LAWRENCE – If the Biden administration hopes that spending $4 billion on Central American development will relieve political pressure at the southern U.S. border, it needs to be smarter than its predecessors about how the money is spent, according to one expert on the region.

Brent MetzBrent Metz, University of Kansas professor of anthropology, has lived with, researched and written extensively about the Indigenous peoples of the tri-border region of Guatemala, Honduras and El Salvador. He is available to journalists to comment on what drives refugees northward and what the U.S. can and should do to help the region’s people. 

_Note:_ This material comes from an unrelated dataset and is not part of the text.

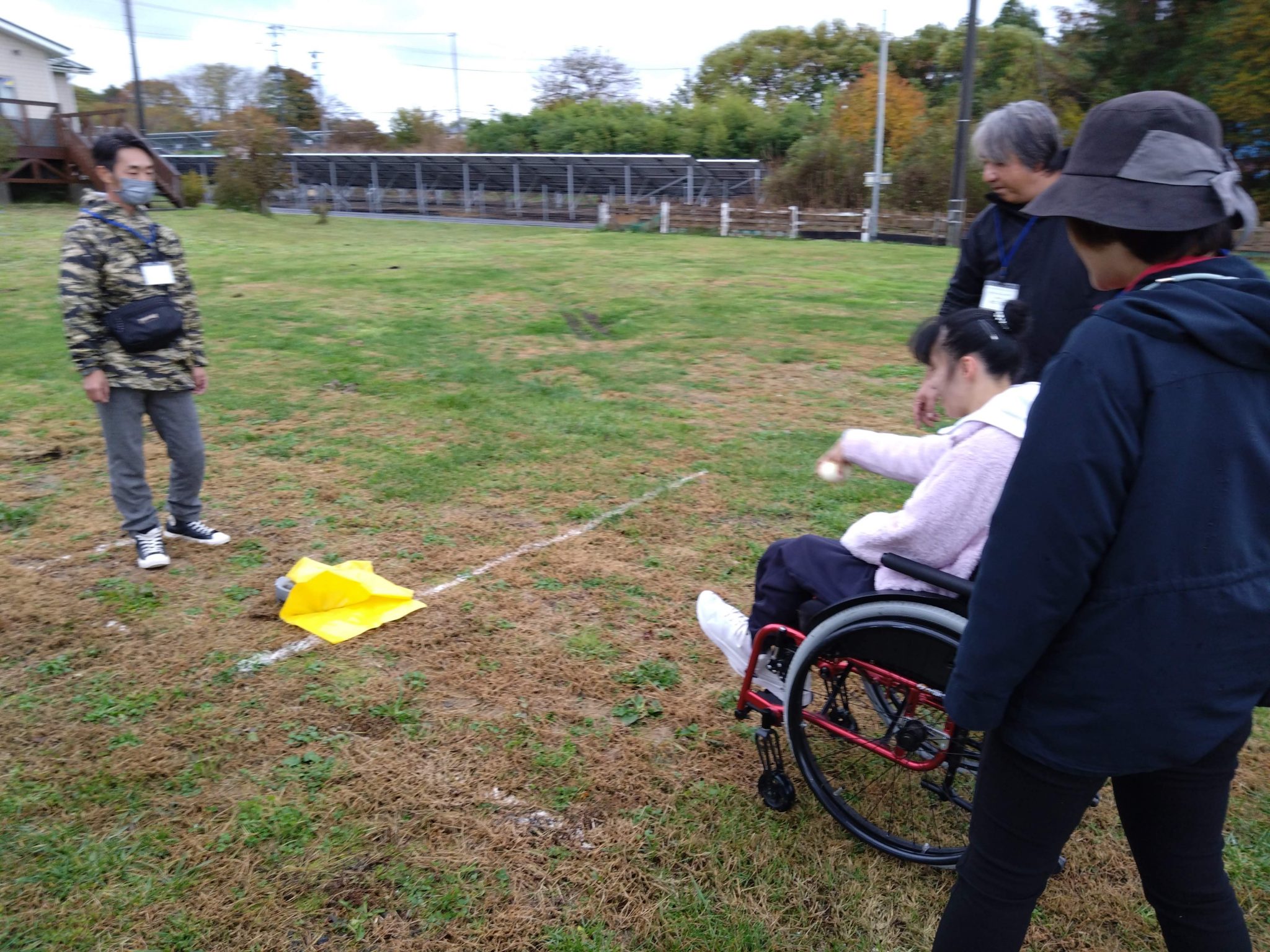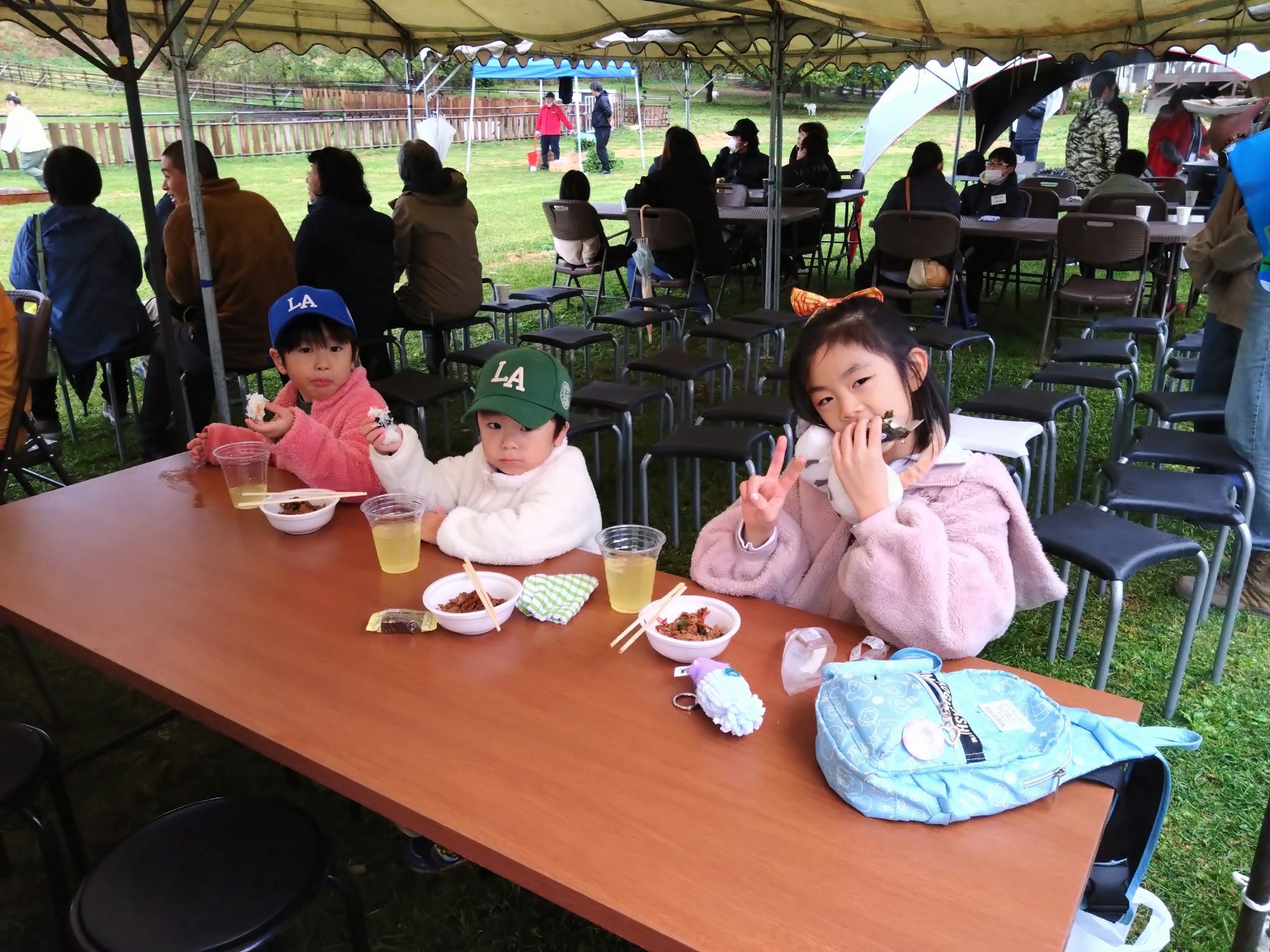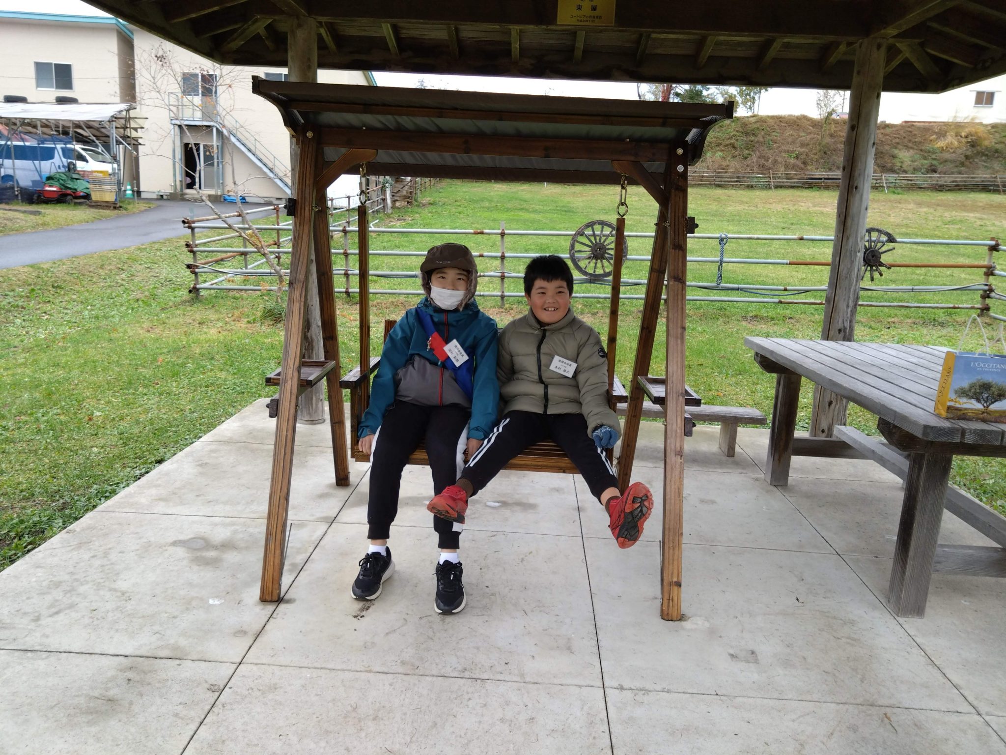 寄付していただいた運搬車やブランコ、ベンチの御披露目もできました。

Metz said President Joe Biden’s approach to refugees is already better than that of his predecessor and that the spending plan could be transformational if invested better than in the past.

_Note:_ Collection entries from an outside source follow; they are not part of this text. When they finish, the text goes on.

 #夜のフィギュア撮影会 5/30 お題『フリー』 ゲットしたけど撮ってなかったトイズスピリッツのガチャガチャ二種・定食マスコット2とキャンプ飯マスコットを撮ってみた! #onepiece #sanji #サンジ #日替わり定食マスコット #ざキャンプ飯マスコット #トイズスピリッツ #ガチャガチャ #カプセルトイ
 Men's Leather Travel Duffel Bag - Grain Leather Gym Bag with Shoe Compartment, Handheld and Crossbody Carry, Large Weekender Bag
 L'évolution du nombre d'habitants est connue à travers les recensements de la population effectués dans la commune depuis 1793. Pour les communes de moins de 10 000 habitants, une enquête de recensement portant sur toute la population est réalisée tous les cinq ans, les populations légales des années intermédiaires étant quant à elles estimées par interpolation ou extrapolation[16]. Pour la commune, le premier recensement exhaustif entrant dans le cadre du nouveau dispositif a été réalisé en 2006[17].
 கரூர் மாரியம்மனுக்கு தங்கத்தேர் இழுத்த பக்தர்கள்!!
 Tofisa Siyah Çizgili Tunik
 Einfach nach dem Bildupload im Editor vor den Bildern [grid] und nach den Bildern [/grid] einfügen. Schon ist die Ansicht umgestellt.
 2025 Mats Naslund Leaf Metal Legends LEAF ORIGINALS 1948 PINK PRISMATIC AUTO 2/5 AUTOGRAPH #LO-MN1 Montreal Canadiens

“Over seven decades, U.S. development and military expenditures in Central America have been, at best, partially successful and have, at worst, contributed to mass emigration,” Metz said.

Metz said Biden should focus resources on Central America’s semi-subsistent farmers, or campesinos, in a way not done since the Cold War.

“Campesino agriculture was attacked by U.S.-promoted trade policies favoring agri-industry and the extraction of raw materials, such as minerals and hydroelectric power, at the campesinos’ expense" since the 1990s, Metz said. "If campesinos have been fortunate enough to grow surplus grain, they can’t compete with the prices of U.S. grain grown under better conditions with billions of dollars of annual subsidies.”

Trade deals like the Central American and Dominican Republic Free Trade Agreement (CAFTA-DR) “poured salt in the wound,” Metz said, by categorizing “displaced, politically cheapened campesino labor to be the region’s ‘comparative advantage’ for low-paying, underemploying sweatshop and plantation jobs.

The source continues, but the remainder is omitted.